Why Silicon Valley Bank Was NOT Like FTX!!
Is your money safer in traditional finance or Crypto??!?!
Banks and crypto exchanges are two TOTALLY different types of financial institutions. While banks have been around for centuries and has regulations built out from years and years of existence, crypto exchanges are a relatively new addition to the financial landscape and we are currently watching regulations being made in the crypto space pretty much via “trial and error”.
However, despite their differences, both banks and crypto exchanges serve similar functions, namely, storing and transferring funds.
So, what are the differences between banks and crypto exchanges, and why are banks inherently safer? Let's take a closer look.
Firstly, banks are heavily regulated by government bodies, whereas crypto exchanges are not. This means that banks have to comply with a whole host of laws and regulations designed to protect consumers and ensure the stability of the financial system. Crypto exchanges, on the other hand, are largely unregulated, which means that there is no guarantee that your funds will be safe.
Now, you might be thinking, "But wait, I thought the whole point of cryptocurrency was that it was decentralized and unregulated!" Well, yes and no. While it's true that cryptocurrency was designed to be decentralized, the reality is that most people still use centralized exchanges to buy and sell cryptocurrencies. And unfortunately, many of these exchanges have been hacked or shut down, leaving users out of pocket.
Another key difference between banks and crypto exchanges is the level of security they offer. Banks typically have multiple layers of security in place, including firewalls, fraud detection systems, and 24/7 monitoring. They also have insurance policies that protect customers in the event of fraud or theft. That is why just a day or two after Silicon Valley Bank fell, those who banked with them were ensured that they would be able to access up to the $250K that the FDIC covers, with dividends/certificates for those over the $250K limit to try to make everyone whole. Whereas with FTX no one knew if they would ever see their money again the days following the collapse.
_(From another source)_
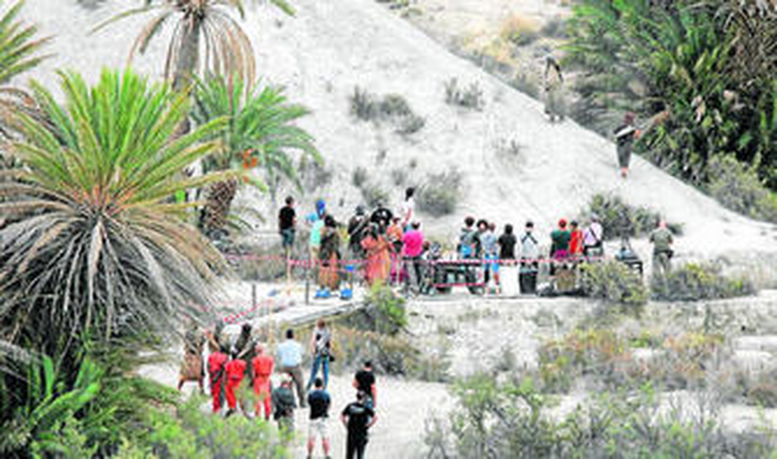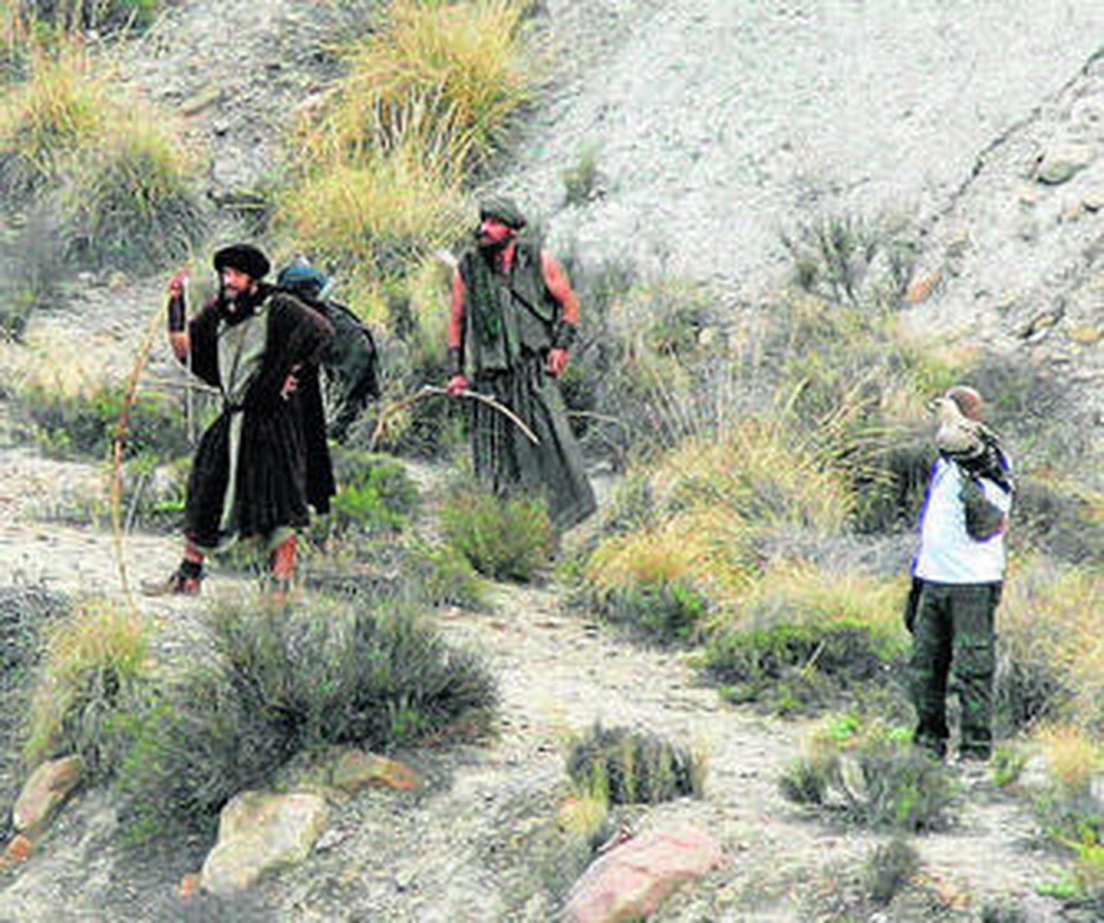 La escena rodada ayer enfrentaba a un grupo de guerreros con los hombres de Moisés por las montañas cercanas al 'Oasis' del Cautivo de Almería

Crypto exchanges, often have much less robust security measures in place, and are more vulnerable to hacking and other cyber attacks.
Of course, there are some people who would argue that the very nature of cryptocurrency makes it inherently more secure than traditional banking. After all, cryptocurrency transactions are encrypted and recorded on a public ledger, which means that they can't be altered or deleted. However, while this may be true in theory, the reality is that many people have lost their funds due to human error (such as losing their private keys) or because of security breaches on the exchanges themselves.
In short, while crypto exchanges offer some exciting opportunities for investors and traders, they are inherently riskier than traditional banks. Banks have been around for centuries for a reason - they offer a tried-and-true way to store and transfer funds, and are heavily regulated to ensure the safety and stability of the financial system. So, if you're looking for a safe place to store your hard-earned cash, you can't go wrong with a good old-fashioned bank account (or Vanguard see the video below starting at 51:46 to see what Stock Analysts say is the safest place to put your money, safer than Crypto or the Stock Market!!).
There are still safe places to store your money other than under your couch!!!